Dr. Flegel's questions

  1. You're a professor of the history of medicine at the University of Toronto, an accomplished and well-published author and a well-respected commentator on the passing national scene. Why would you want to take on one of the icons of North American medicine? [play audio]

  2. Let's stay with the Harvey Cushing biography [of Osler] for a moment. Its tone was absolutely, unassailably reverential. I came away [from reading it] feeling that there was nothing more that could ever be said [about Osler], and I'm wondering if you didn't feel a little daunted taking on this project. [play audio]

  3. As I read [your] book ... it strikes me that the details of medicine and medical practice are woven intensively through the whole life of William Osler. Did you find as a historian that this added to the "daunt"? You had to reach up and grab both ends of this very rich life and try to understand them? [play audio]

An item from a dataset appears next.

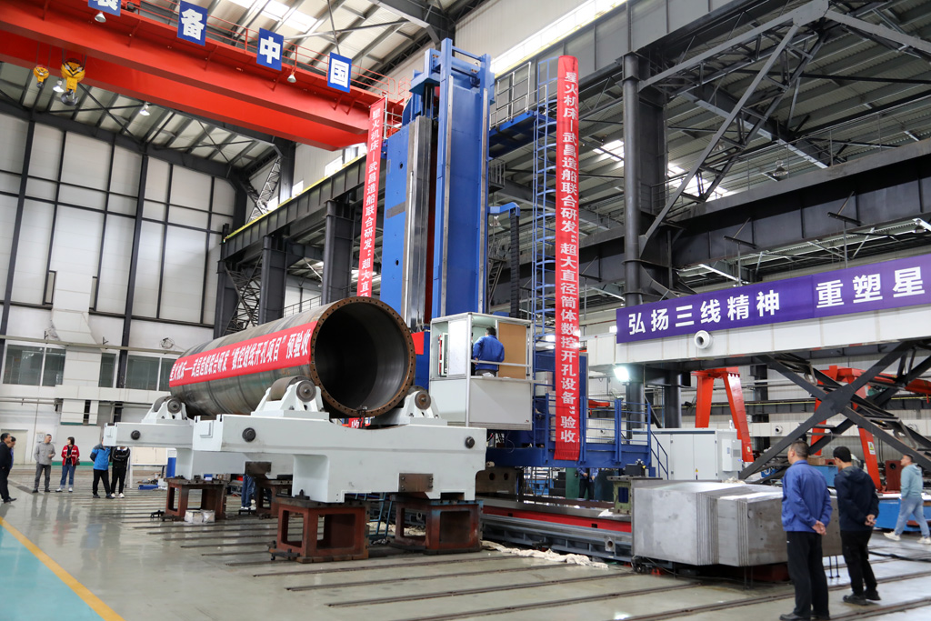該超大直徑筒體數(shù)控開(kāi)孔設(shè)備主要采用五軸聯(lián)動(dòng)銑鏜加工技術(shù)、超大型筒體摩擦伺服驅(qū)動(dòng)技術(shù)、三維視覺(jué)掃描定位技術(shù)、程序參數(shù)化編程等關(guān)鍵技術(shù),用于超大筒型零件表面開(kāi)孔、孔口坡口的粗加工、半精加工和精加工。具有高精高效、結(jié)構(gòu)合理、操作方便、可靠性強(qiáng)等特點(diǎn),是目前國(guó)內(nèi)規(guī)格最大、技術(shù)水平最高、生產(chǎn)難度和自動(dòng)化控制程度最高的首臺(tái)(套)專(zhuān)用設(shè)備。突破了船舶制造等相關(guān)領(lǐng)域的技術(shù)壁壘,解決了我國(guó)無(wú)法依賴(lài)進(jìn)口等手段實(shí)現(xiàn)全自動(dòng)機(jī)械加工,精度低、勞動(dòng)強(qiáng)度大等 “卡脖子”難題。

  4. One of the features of your present biography that struck me is that you are more or less unafraid to make inferences about particular situations or to enlarge the context to paint the times a bit more realistically for the reader, on occasion even going on to some speculation. Do you agree that that's a feature of modern biographies and that you did it? [play audio]

  5. Osler was the son of immigrant parents and rose from what was essentially frontier territory to national prominence quite early in his life. In many ways his origins and his trajectory remind me of Abraham Lincoln, at least on the medical scene. I take it that there's very little disagreement that Lincoln had something special that [led to his success]. Do you think this is true of Osler, or was it merely a lucky sequence of circumstances? [play audio]

  6. I take it that we still agree, even after the end of the Bliss biography, that this was truly a great man and a great physician. What is the "but for" issue with William Osler? What is the one characteristic but for which he wouldn't have been the person that we remember? [play audio]

  7. I take it that you've essentially spent the last few years with William Osler. Would you ask this man home to dinner? [play audio]

  8. Osler was always on the move, and the moves always seemed to come at a time that strikes me as inopportune, when his professional life was flourishing. Why do you think he was like that? [play audio]

  9. One of the other aspects of Osler and his life is that his friendships and professional network were made up almost exclusively of men. Does this tell us something about William Osler or do his times explain this? [play audio]

  10. When Osler took up the Regius professorship in Oxford, I think he was a little bit lost for awhile and trying to find his way. The clinicians in Oxford and in England generally found him a little less than advertised at the bedside. I'm wondering if you could enlarge upon that. [play audio]

  11. One of the sad things about the end of Osler's life and his time in England was the First World War. Something about that whole scene, to say nothing of losing his son, seemed to weigh Osler down and break his spirit. Do you understand what it was? [play audio]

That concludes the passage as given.